今昔さんぽ 「1956年の光と、甲山の祈り。――街の風景を鑑定する散歩」

 


西宮という街には、無数の「記憶」が埋まっている。
今日の「今昔さんぽ」が提示したのは、60年以上の時を超えた一枚のモノクロ写真だ。

鑑定の旅:街に眠る手がかりを探して
私の仕事は、モノの価値や真実を見極めることだ。しかし、この散歩で見られるのは「物質」ではなく「街の記憶」の鑑定である。

苦楽園口から始まる聞き込みの旅。人々が口々に語る「甲山」という名。
堂安選手ゆかりのドーナツ屋の懐かしい甘さや、新聞販売店と焼き芋屋という、二足のわらじを履く昭和の逞しさ。それらすべてが、西宮という土地の厚みを物語っている。

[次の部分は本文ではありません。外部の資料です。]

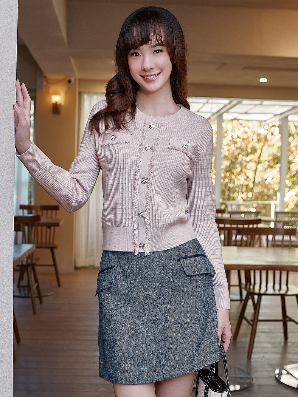 DITA小香風組織紋針織上衣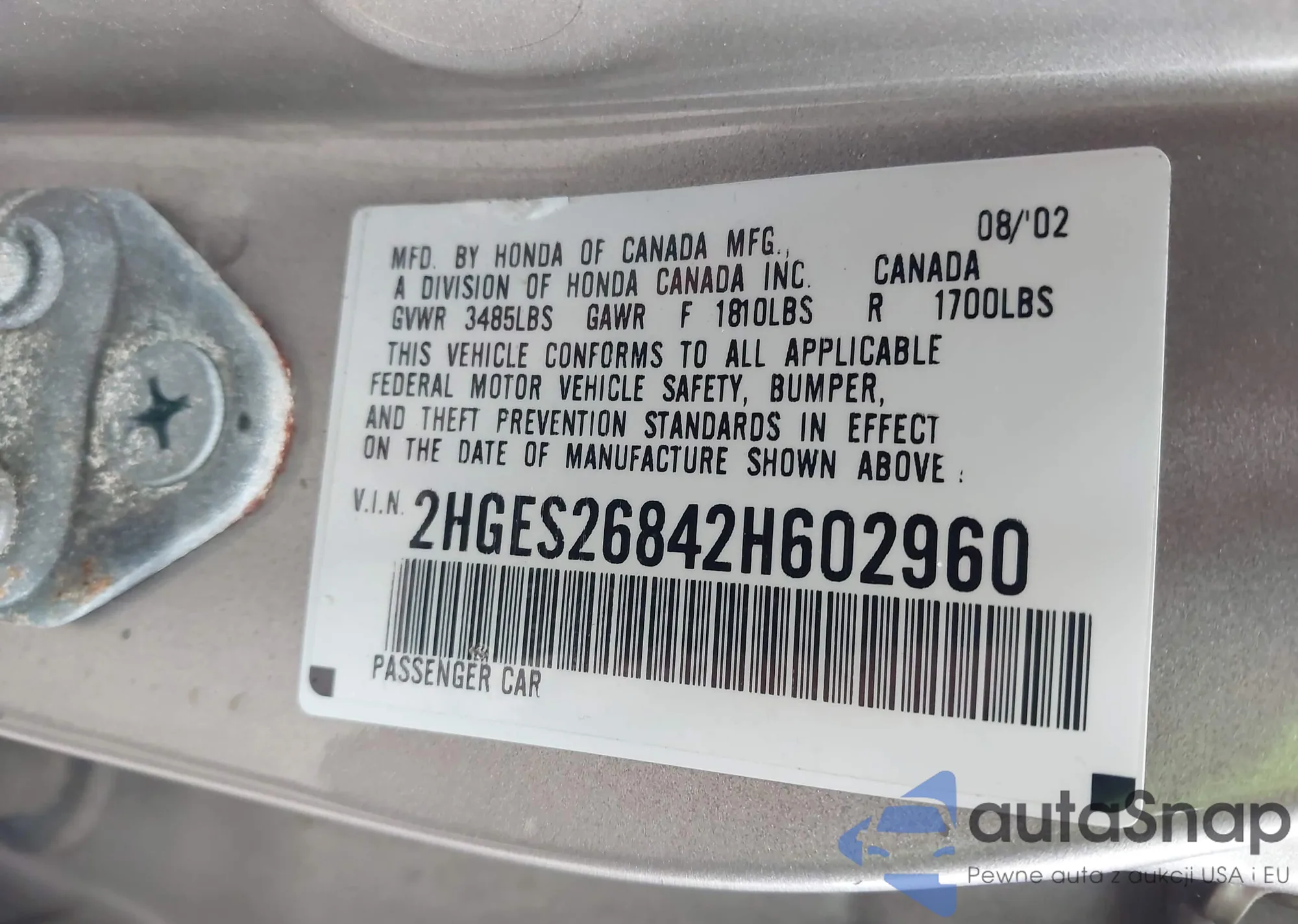 • VIN 2HGES26842H602960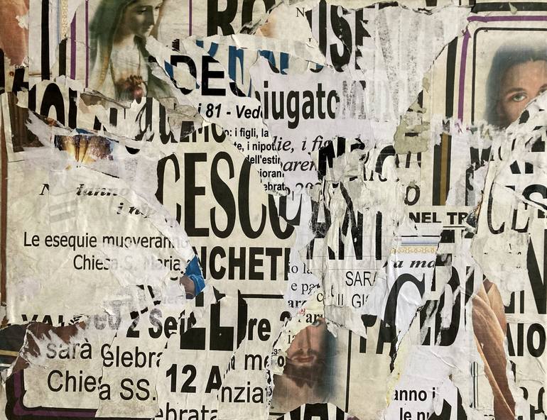 *** Currently exhibited at Marzelles Museum in Marmande (France) as part of my solo show 'Urban Identities' until Nov 4, 2023 *** From the series Napoli constructed from papers and posters collected on the walls of Naples. This one is constructed mostly from death notices glued to the walls and des...
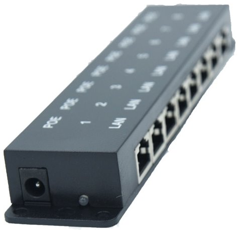 Popis produktu PoE injektor je vhodný pre napájanie až ôsmich zariadení. Do konektorov na jednej strane sa pripájajú ethernetové porty bez napájania napr. switch, na opačnú stranu sa pripájajú zariadenia využívajú pasívne PoE - napájanie po eth. kábla. Na napájanie sa využívajú dva nepoužité páry ethernetového kábla: 4,5 (kladný pól) a 7,8 (záporný pól). Napájanie sa pripája štandardným napájacím konektorom o veľkosti 2.1/5.5mm.
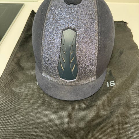 Ridehjelm størrelse 59-60. Lille rift i overforingen. Kan hentes i København eller Nordsjælland eller sendes på købers regning.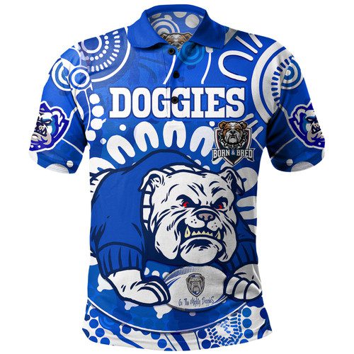 Canterbury-Bankstown Bulldogs Custom Polo Shirt – Indigenous Doggies Blue and Whites Aboriginal Inspired Polo Shirt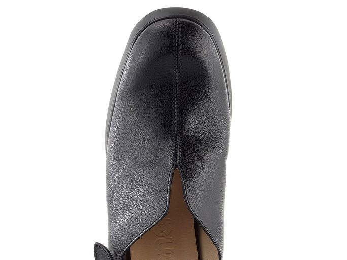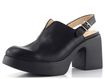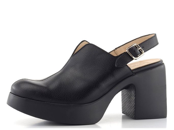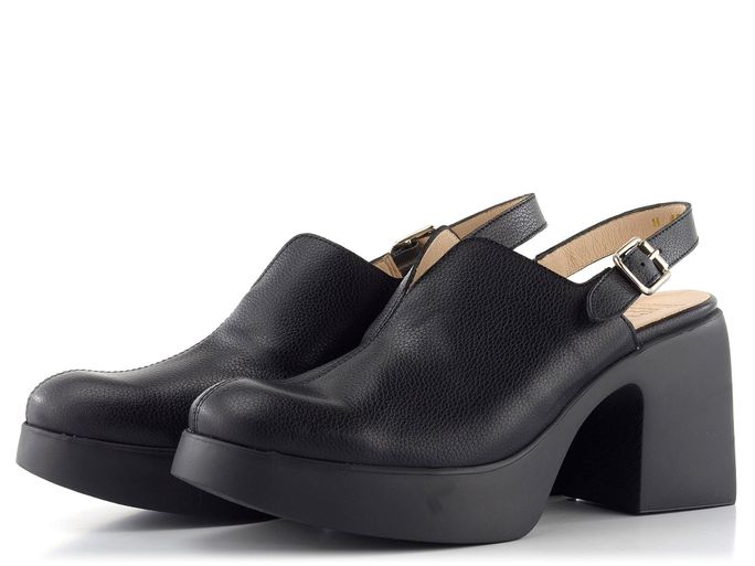 Dámské nevšední uzavřené sandály z černé strukturované kůže na vysoké platformě se širokým podpatkem.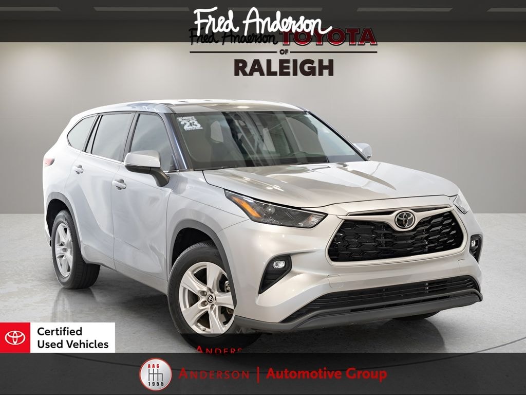 CARFAX One-Owner. Priced below KBB Fair Purchase Price! *Full Family Plan* INCLUDES OIL CHANGES FOR LIFE!, Still Under Factory Powertrain Warranty!!, Only One Prior Owner!!, Alloy wheels / Premium Wheels, Bluetooth, Hands-Free, 3rd Row Seats, Local Trade, Star Safety System with Active Breaking Technologies, Keyless Entry, Keyless Start, Backup Camera, We will buy your car and pay top dollar for it, even if you don't buy ours!!, USB Port, ABS brakes, Active Cruise Control, Alloy wheels, Electronic Stability Control, Front dual zone A/C, Heated door mirrors, Illuminated entry, Low tire pressure warning, Power Liftgate, Remote keyless entry, Traction control. Check out all these great options Toyota Gold Certified Certified, ABS brakes, Active Cruise Control, Alloy wheels, Electronic Stability Control, Front dual zone A/C, Heated door mirrors, Illuminated entry, Low tire pressure warning, Power Liftgate, Remote keyless entry, Traction control, 18" Painted Alloy Wheels, 3.329 Axle Ratio, 3rd row seats: split-bench, 4-Wheel Disc Brakes, 6 Speakers, Air Conditioning, AM/FM radio: SiriusXM, Apple CarPlay/Android Auto, Auto High-beam Headlights, Automatic temperature control, Brake assist, Bumpers: body-color, Delay-off headlights, Driver door bin, Driver vanity mirror, Dual front impact airbags, Dual front side impact airbags, Emergency communication system: Safety Connect (up to 10-year trial subscription), Exterior Parking Camera Rear, Fabric Seat Trim, Four wheel independent suspension, Front anti-roll bar, Front Bucket Seats, Front Center Armrest, Front fog lights, Front reading lights, Fully automatic headlights, Knee airbag, Leather Shift Knob, Leather steering wheel, Occupant sensing airbag, Outside temperature display, Overhead airbag, Overhead console, Panic alarm, Passenger door bin, Passenger vanity mirror, Power door mirrors, Power driver seat, Power steering, Power windows, Radio: 8" Toyota Audio Multimedia, Rear air conditioning, Rear anti-roll bar, Rear reading lights, Rear seat center armrest, Rear window defroster, Rear window wiper, Reclining 3rd row seat, Security system, Speed control, Speed-sensing steering, Split folding rear seat, Spoiler, Steering wheel mounted audio controls, Tachometer, Telescoping steering wheel, Tilt steering wheel, Trip computer, Turn signal indicator mirrors, and Variably intermittent wipersStop by and test drive today. Let us show you how affordable we can make it. Remember, we always give you more for your trade and we will buy your vehicle even if you don't buy one from us. See online @ www.FredAndersonToyota.com or see in person @ Fred Anderson Toyota 9101 Glenwood Ave. Raleigh NC, 27617. 2023 Toyota Certified. Highlander LE FWD Celestial Silver Metallic 8-Speed Automatic

特に心に残ったのは、甲陽園駅で出会った91歳の写真館主の存在だ。
店内に飾られた著名人たちの写真群は、彼がどれほど長く、この街の「今」をレンズに焼き付けてきたかの証明に他ならない。彼にとっての街の歴史は、すでに教科書ではなく、彼自身の人生そのものだったのだろう。

「平和の塔」に宿る、時を超えた願い
神呪寺の住職によって明かされた写真の正体――。
それは、平和を祈る婦人会が建立した「平和の塔」だった。「汚されない一点を作りたい」という言葉には、戦後の激動の中で、何としても守り抜きたかった静寂と祈りが込められている。

標高309メートル。
兵頭さんが撮影した「現代の景色」と、かつての写真。
二つの写真は、物理的には同じ位置からの風景だが、そこに流れる時間の重みは、住む人々の想いによって全く別のものとして完成していた。

モノと記憶を繋ぐ、アーカイブという仕事
現場を巡り、歴史を辿る。
その過程で、かつての風景が、単なる「古い写真」から「未来へ繋ぐべき物語」へと価値を変える。これこそが、私たちが目指す「アーカイブ」の真髄ではないだろうか。

今日、街のあちこちで話を聞いた人々も、記憶の守り人だ。
1956年の写真が導いたのは、単なる場所の特定ではない。先人たちがこの街に何を願い、私たちは何を大切にすべきか。そんな「街の価値」を再発見する、贅沢な時間だった。

また一つ、西宮という街の奥深さに触れた気がする。
ルーペを外して、今度は自分の足で。この風景を確かめに歩いてみたいと思う。